Records provided START

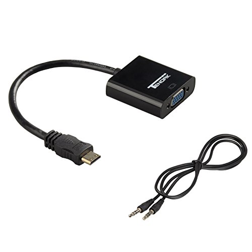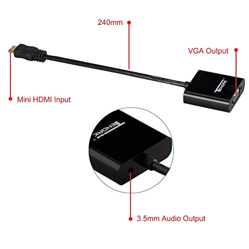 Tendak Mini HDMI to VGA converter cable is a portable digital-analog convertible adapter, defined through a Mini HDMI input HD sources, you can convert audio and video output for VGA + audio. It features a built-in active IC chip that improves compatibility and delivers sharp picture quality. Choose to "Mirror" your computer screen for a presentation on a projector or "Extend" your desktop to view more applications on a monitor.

Records provided END
Records provided START

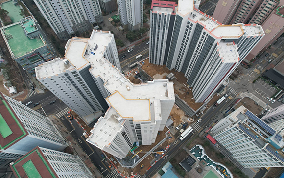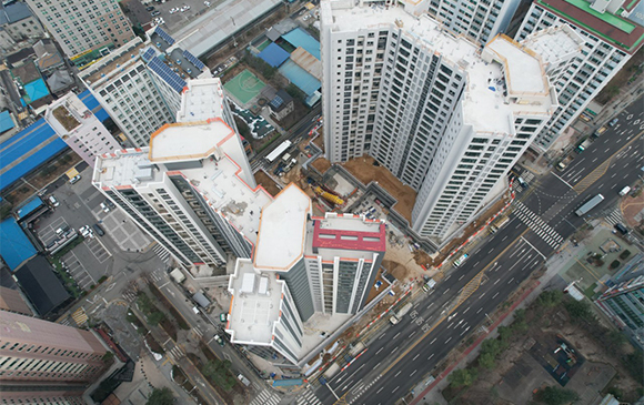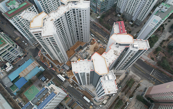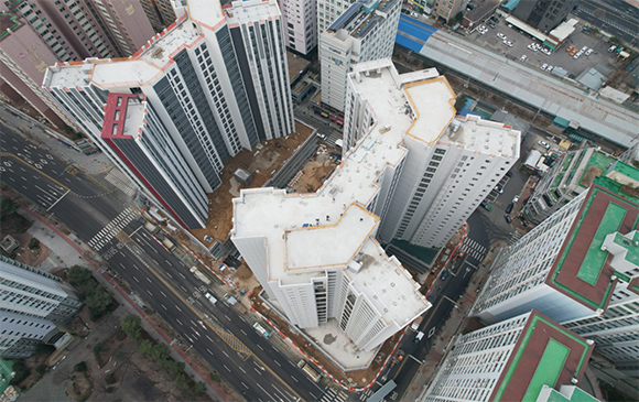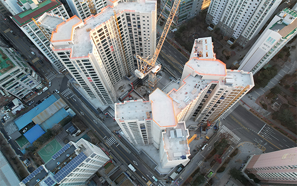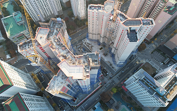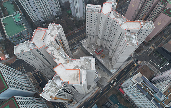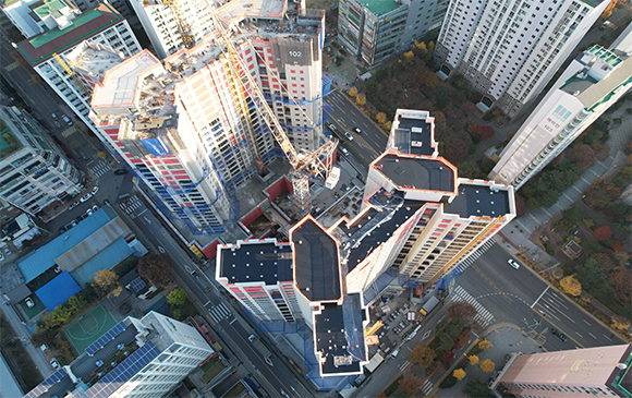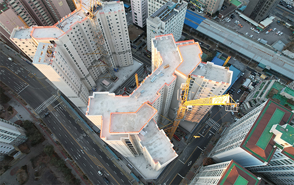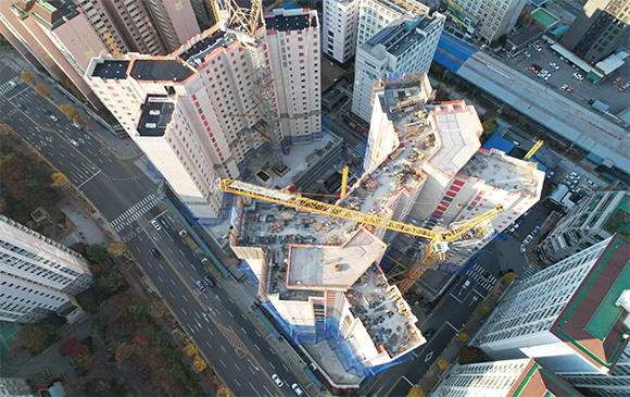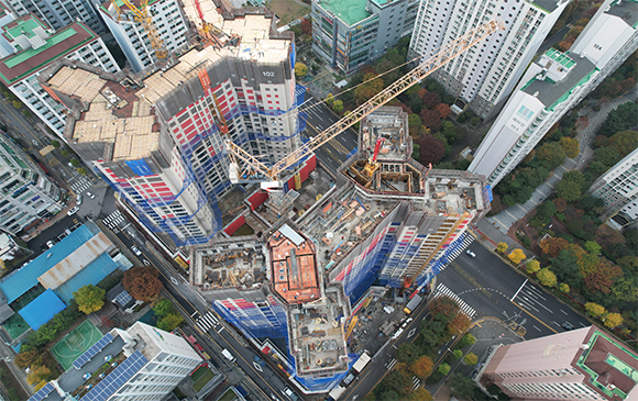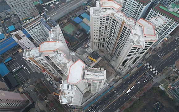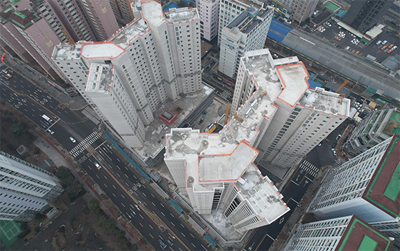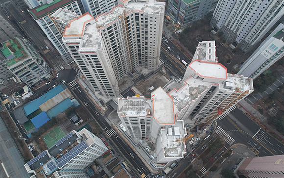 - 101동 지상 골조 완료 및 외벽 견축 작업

Records provided END
Records provided START

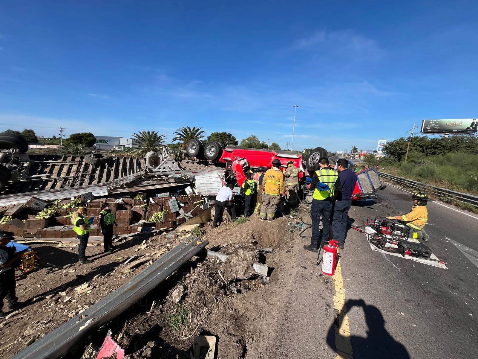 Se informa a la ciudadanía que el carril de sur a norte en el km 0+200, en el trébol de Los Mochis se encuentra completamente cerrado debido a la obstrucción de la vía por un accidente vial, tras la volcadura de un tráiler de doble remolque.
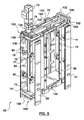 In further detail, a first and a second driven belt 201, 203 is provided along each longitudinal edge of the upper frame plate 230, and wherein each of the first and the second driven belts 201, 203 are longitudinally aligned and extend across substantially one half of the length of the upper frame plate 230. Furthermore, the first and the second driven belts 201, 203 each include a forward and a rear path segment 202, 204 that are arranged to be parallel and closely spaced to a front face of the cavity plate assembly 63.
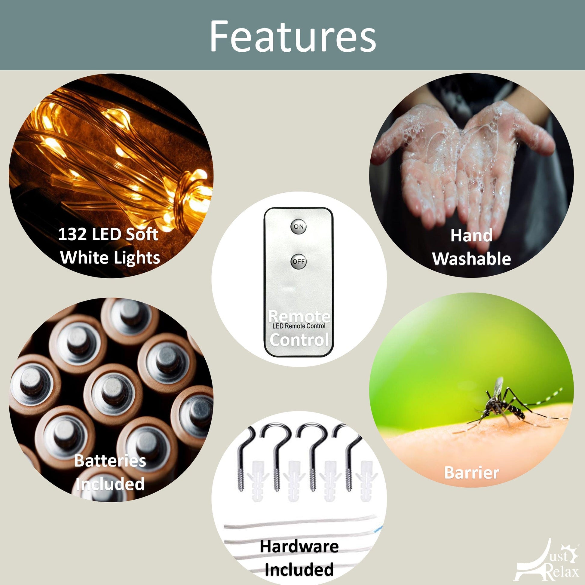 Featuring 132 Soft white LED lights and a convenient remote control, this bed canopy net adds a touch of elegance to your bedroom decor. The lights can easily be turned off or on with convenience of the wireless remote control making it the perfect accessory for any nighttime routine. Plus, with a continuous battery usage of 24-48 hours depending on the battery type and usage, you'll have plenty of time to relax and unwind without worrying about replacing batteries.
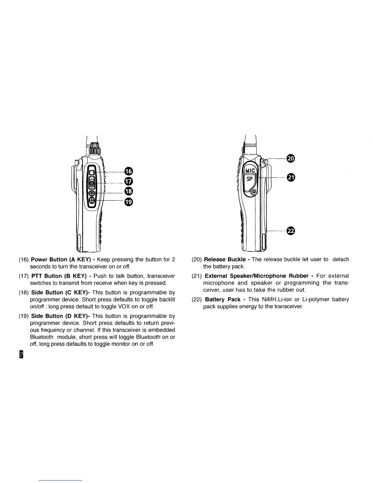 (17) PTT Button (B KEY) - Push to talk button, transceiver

Records provided END

▸ **Activity**
What you return from the records above should be exactly everything from the line with "Se informa a" down to the line with "In further detail, a", both kept, and no pictures.

▸ **Answer to the exercise**
 Se informa a la ciudadanía que el carril de sur a norte en el km 0+200, en el trébol de Los Mochis se encuentra completamente cerrado debido a la obstrucción de la vía por un accidente vial, tras la volcadura de un tráiler de doble remolque.
 In further detail, a first and a second driven belt 201, 203 is provided along each longitudinal edge of the upper frame plate 230, and wherein each of the first and the second driven belts 201, 203 are longitudinally aligned and extend across substantially one half of the length of the upper frame plate 230. Furthermore, the first and the second driven belts 201, 203 each include a forward and a rear path segment 202, 204 that are arranged to be parallel and closely spaced to a front face of the cavity plate assembly 63.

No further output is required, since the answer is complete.